Grand Designs presenter steps up involvement at Society for Protection of Ancient Buildings
Kevin McCloud is taking on an “ambassador” role at conservation organisation the Society for Protection of Ancient Buildings, the charity has announced.
The presenter of TV show Grand Designs said he had been a member of the heritage group since 1991 and viewed it as “the paramilitary wing of the conservation movement”.
Earlier this year TV mogul and historic architecture champion Griff Rhys Jones became president of the Victorian Society after serving as vice-president since 2009.
SPAB was founded by William Morris in 1877 to oppose destructive restorations of the Victorian era and promote constructive repair. It is a statutory consultee for requests to demolish listed buildings in England and Wales.
McCloud said he had always loved ancient buildings and spaces, but admitted there was a contrast between the contemporary architecture featured on his Channel 4 show and his personal choice of living in – and renovating – older buildings.
“I joined the SPAB because I admired its steadfast adherence to a philosophy steeped in rigour, but underpinned by romance. And because I have always loved ancient buildings and places,” he said.

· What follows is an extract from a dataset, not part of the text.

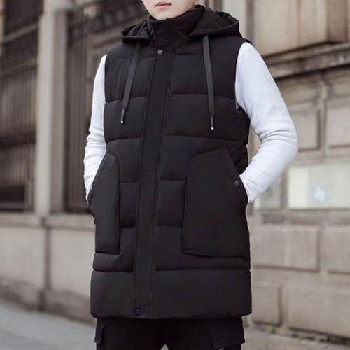 [에이치플러스몰]후드 롱패딩 조끼 베스트 남성 고급 베이직 캐주얼

“SPAB is still relevant – more than ever when UK conservation has become muddied with nimbyism and when the majority of consumer and lobbying groups peddle a soft soap and ambiguous approach to the historic environment.

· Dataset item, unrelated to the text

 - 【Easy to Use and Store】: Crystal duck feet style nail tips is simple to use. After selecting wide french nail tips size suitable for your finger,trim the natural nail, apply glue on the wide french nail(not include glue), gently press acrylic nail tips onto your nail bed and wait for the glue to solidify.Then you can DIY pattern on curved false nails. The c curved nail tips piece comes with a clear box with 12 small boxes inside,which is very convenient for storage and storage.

“The one thing I’d like people to understand about SPAB is that it is progressive, and pragmatic. It takes the wisdom of its learning and of practice in the field to constantly evolve and reinterpret its approach.”
McCloud added: “I make programmes about new architecture and seemingly nothing else. And yet I have lived in, since I left school, only old buildings, which I’ve repaired and cherished.
“I took a degree in the history of art and the history of architecture, and by nature I’m a conservationist, so I haven’t yet fully resolved the paradox of what I do and where I live.”
SPAB director Matthew Slocombe said the organisation was delighted McCloud had “responded so enthusiastically” to the group’s invitation to become its first official ambassador. He did not say how much time would be devoted to the role.